In some cases, benefits experts blame the difference on the fact that the spouse is often a woman. Women tend to use the health care system more as they move through their 20s and into middle age, especially if they have children. Conversely, men generally use it more later in life.

As a result, companies are rethinking spousal coverage. Although some employers expect to add surcharges for spousal coverage or are paying a smaller share of the bill for coverage that extends beyond the individual employee, a relatively small percentage of companies are planning to not cover spouses that can get benefits elsewhere.

UPS, for instance, announced this year that it plans to drop health insurance benefits for working spouses of its nonunion employees if they can get coverage elsewhere, starting Jan. 1. The Atlanta-based company, which employs about 323,000 people in the United States, estimates that 15,000 of the 33,000 spouses it covers will be dropped.

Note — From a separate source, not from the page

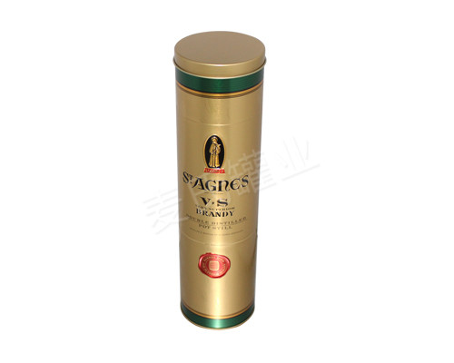 這款酒瓶鐵盒包裝產品,其鐵盒結構為三片罐(蓋、身,底兩三部分組成)。蓋子為外卷線蓋設計,罐身有飛邊打磨處理,預彎內線頸口,與縮口蓋能緊緊結合,保證鐵罐內部空間的密封性。此款白酒鐵罐的材質為馬口鐵料制成,因其的金屬延展性能,使得鐵盒能在短時間內進行沖壓成型,是國內制作效率高的馬口鐵紅酒禮盒產品之一。
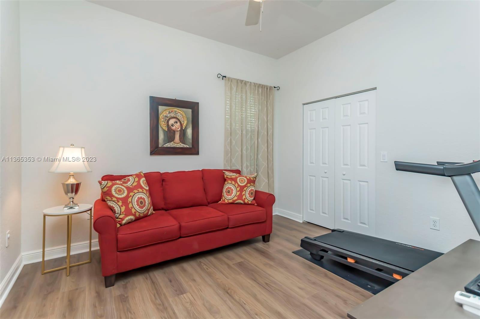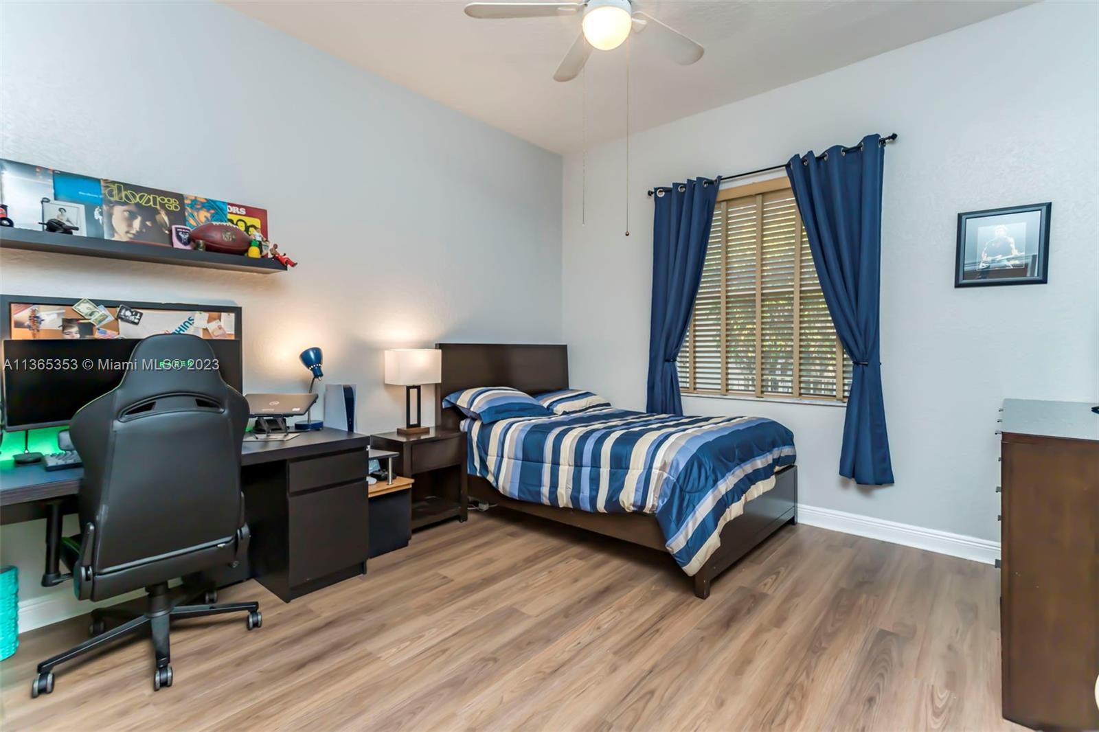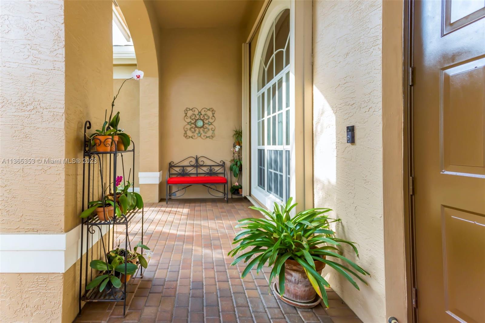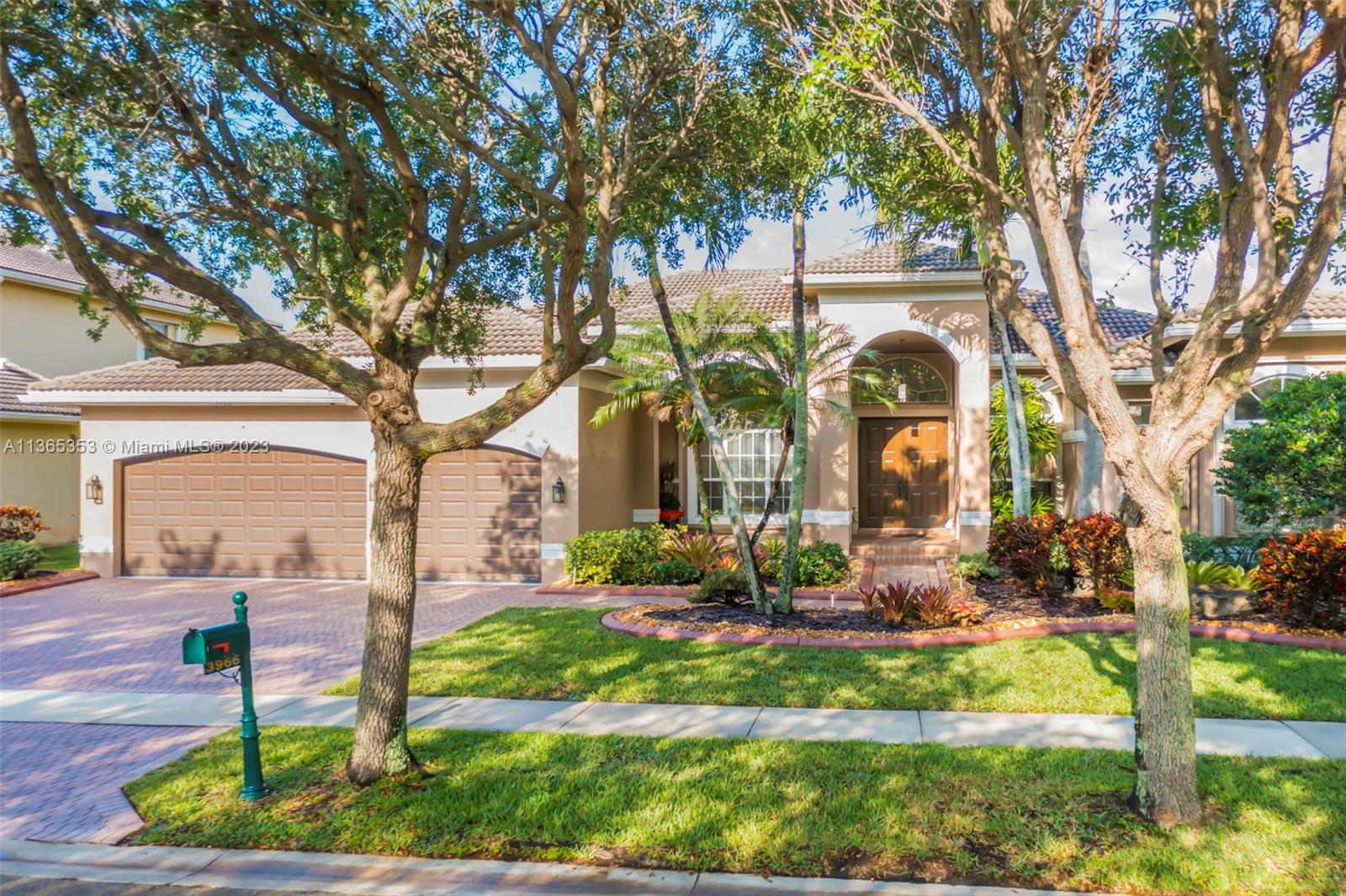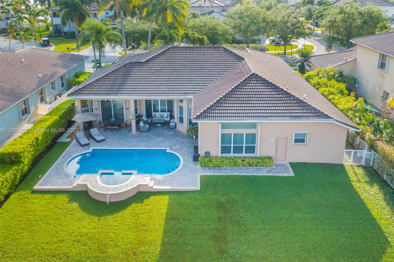 Stunning home in the sought after guard gated section of Majestic Falls in Sunset Lakes. This highly desired Caliterra model is privately located on a cul de sac street w no thru traffic.Its amazing lush landscaping awaits you. Interior features an abundance of natural light, plantation shutters, & new flooring throughout.The kitchen boasts all GE SS appliances, a snack bar & a breakfast nook. Butlers pantry located off of the dining room. Primary suite features 2 large walk-in closets & sliding doors that open to stunning lake views. Pavered Patio is complete w a covered area including a TV & speakers, perfect for entertaining.The beautifully resurfaced freeform pool includes a spa. Lots of greenery for kids & pets Brand new epoxy flooring in garage.Standby Interior photos coming soon.

The University of Virginia also decided to drop coverage for spouses, starting Jan. 1, if the spouse has access through his or her own employer to affordable health care. The university's health plan covers about 20,000 people.

McGregor McCance, a spokesman for the University of Virginia, said that the university "wants to take steps today that can help it provide good benefits in the future but also contain the rising costs caused by a variety of sources."

The exclusion of spouses will likely grow faster among smaller employers. Those companies have faced big cost hikes in recent years, in part because they have less negotiating leverage over the premiums they pay. They are more likely to be aggressive in corralling costs.


But overall, companies have to consider spousal exclusions carefully before taking such a step, said Randall Abbott, a senior health care consultant with Towers Watson.

"You can't just do what everybody else does," he said. "You have to step back and say, 'What would this mean to my employee population?' It's a pretty complicated decision."